Este bezerro não têm mais sua mãe para guiá-lo, mas está conseguindo uma família em um santuário por si mesmo
Fotos: Animals of Farm Sanctuary

Uma mulher grávida e uma vaca prenhe têm muito em comum. Ambas carregam seus bebês durante vários meses, ambas produzem leite para dar aos seus bebês e ambas desenvolvem instantaneamente um instinto maternal para proteger seus filhos assim que eles nascem. Infelizmente, a comparação entre esses dois grupos acaba aqui. Mães humanas conseguem levar seus bebês para casa depois do nascimento, enchê-los de amor, e passar o resto de suas vidas os criando e cuidando. As mães vacas, por outro lado, veem seus bebês serem arrancados delas somente horas ou dias após o nascimento e elas raramente os veem novamente, e se veem, é de passagem. Isso sem mencionar o fato de que todo o leite que elas produzem para a nutrição de seus filhos é prontamente roubado e reempacotado para consumo humano. Esta é a triste realidade para milhares e milhares de vacas ao redor do mundo hoje.

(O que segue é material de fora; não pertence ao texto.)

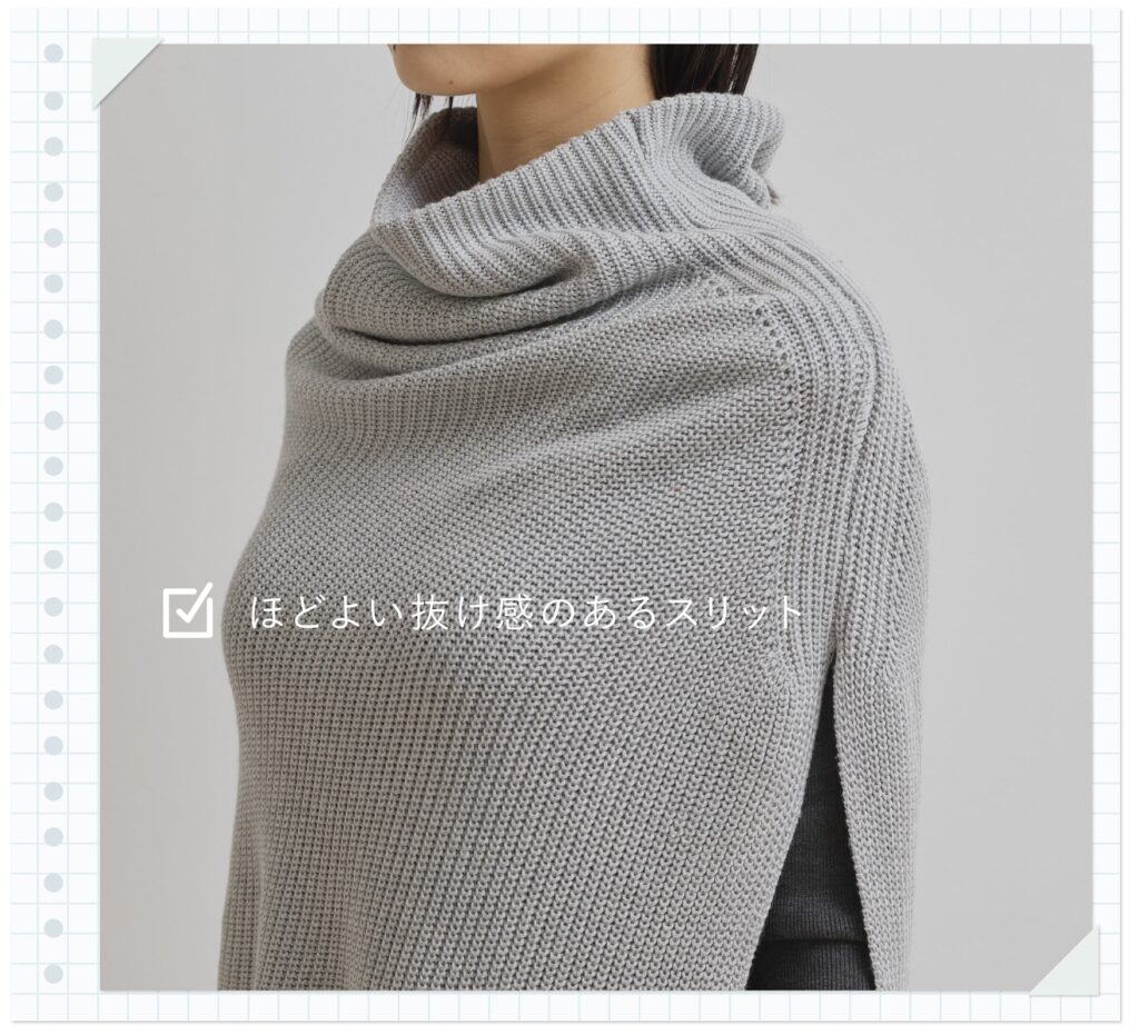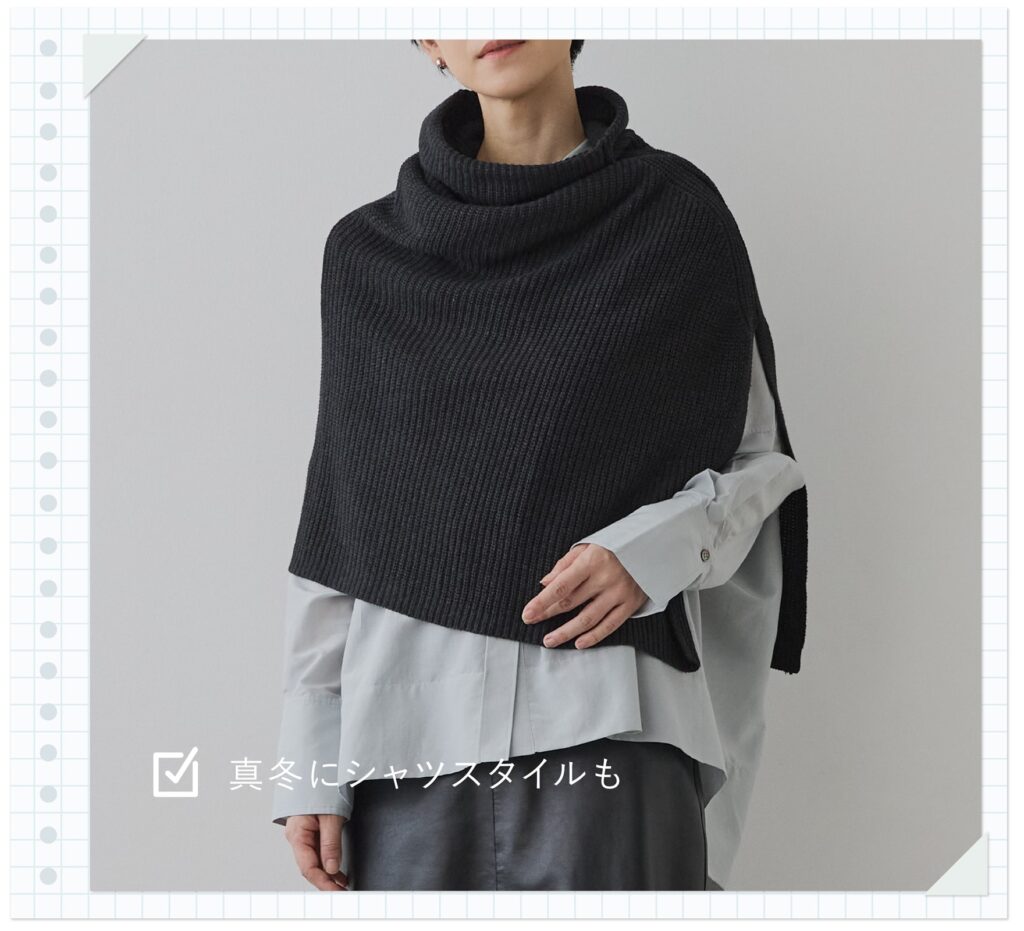 マンネリしがちな冬コーデ。特に寒さが本格的になるとニットを着るしかありませんよね。でもこのニットケープは、ベストやカーディガン感覚で使えるので、薄手のシャツに合わせることも簡単。私もシャツが着たいけど寒いかな〜というときはこのニットケープを重ねています。
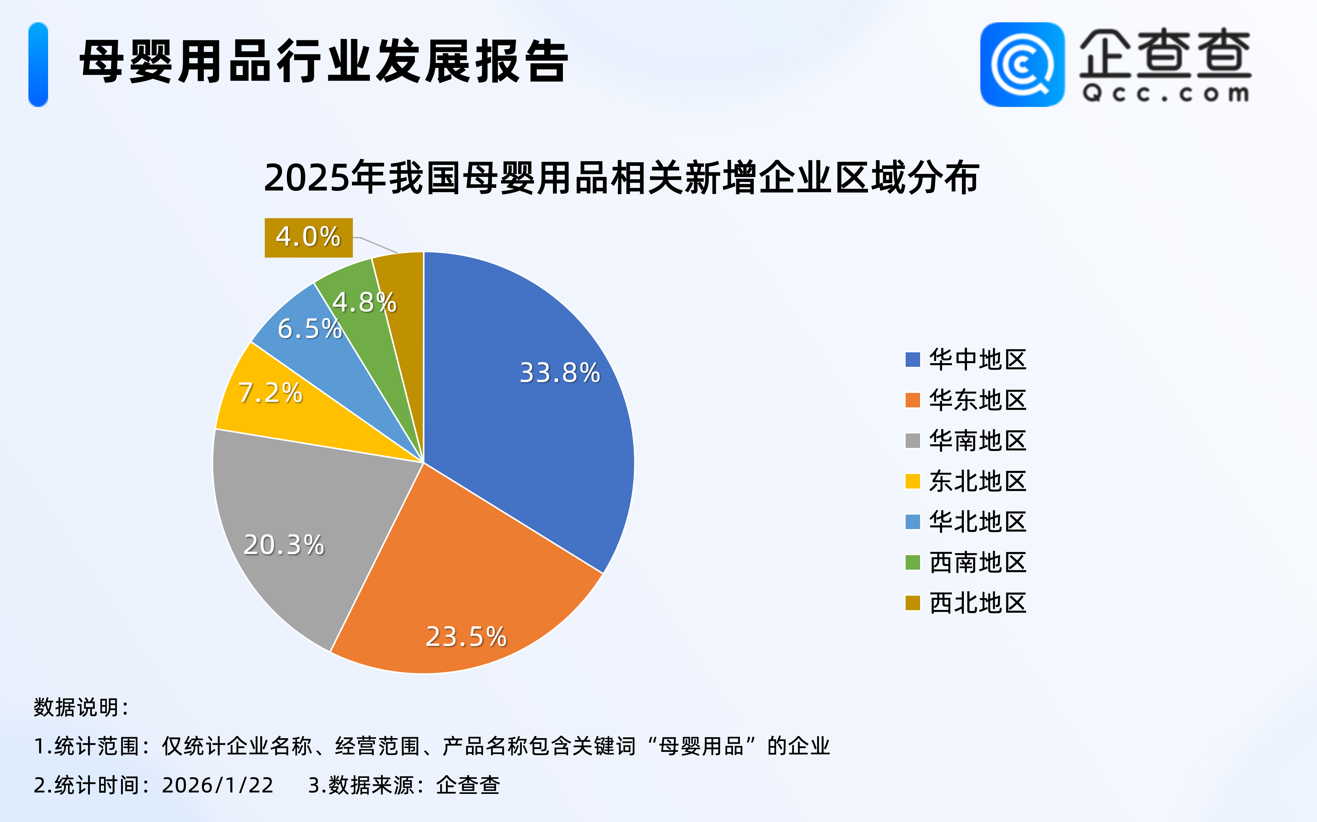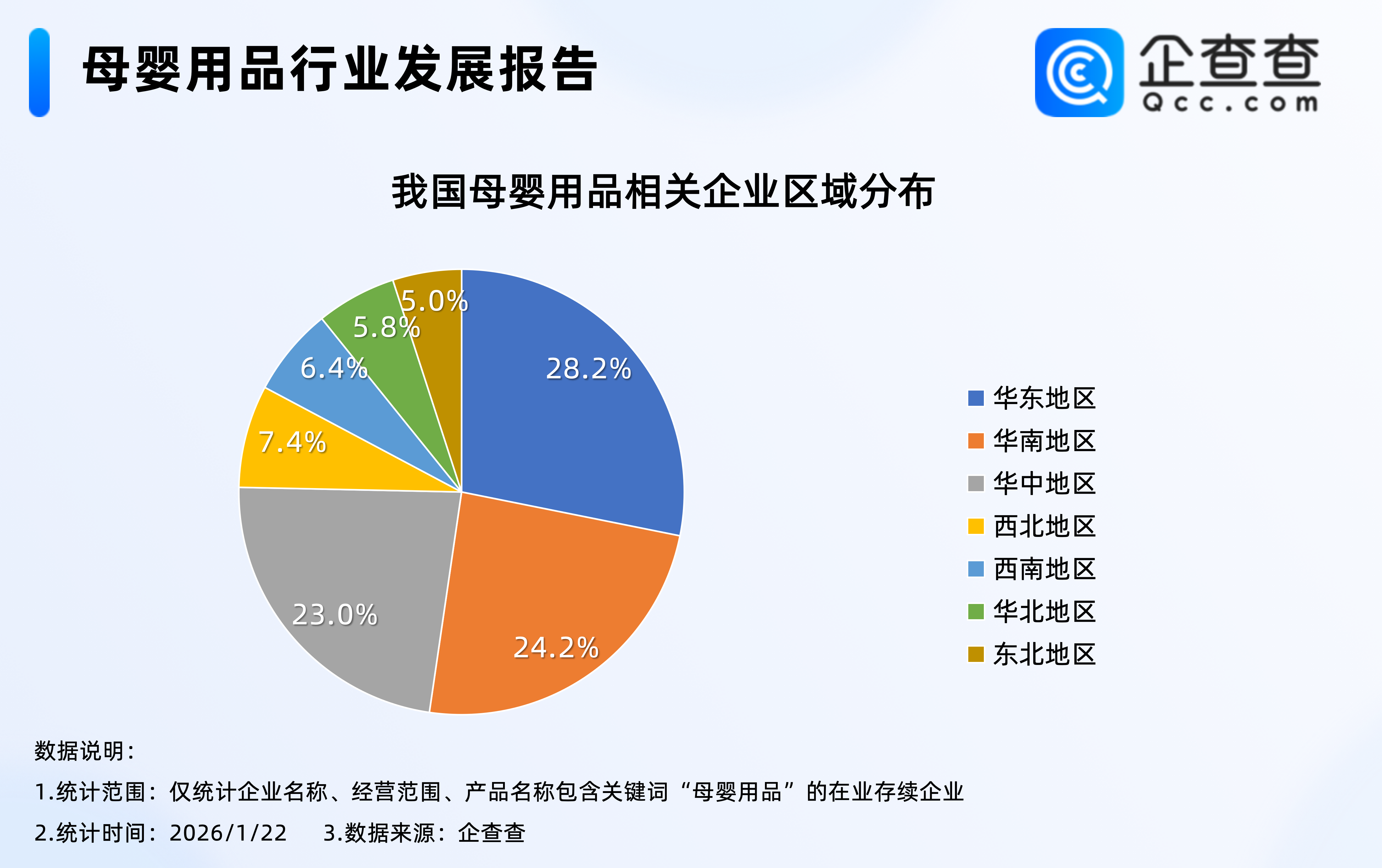 企查查数据显示,截至1月22日,我国现存1129万家母婴用品相关企业,区域分布上,华东地区最多,占比28.2%,其次是华南、华中地区;与全国存量区域分布不同的是,2025年注册的母婴用品相关企业中,华中地区凭借116.6万家的注册量,成为全国母婴用品相关企业注册量最大的区域。

Uma vez que os bezerros são separados de suas mães, uma dessas duas coisas acontece: se o bezerro é uma fêmea, ela é levada para seguir os passos de sua mãe e se tornar uma vaca leiteira, se o bezerro é macho, ele é levado para viver uma vida curta de miséria como um bezerro de vitela. Os dois cenários são terríveis. Entretanto, há um terceiro resultado possível, que é levar o bezerro para um santuário para que ele possa viver seus dias em paz. Nem todo animal tem a sorte de receber essa oportunidade, mas aqueles que a recebem, estão literalmente recebendo uma segunda chance de viver, apesar de não terem mais suas mães.

Conheça Gary. Um bezerro macho que foi considerado completamente inútil pelo dono de sua mãe e foi prontamente descartado.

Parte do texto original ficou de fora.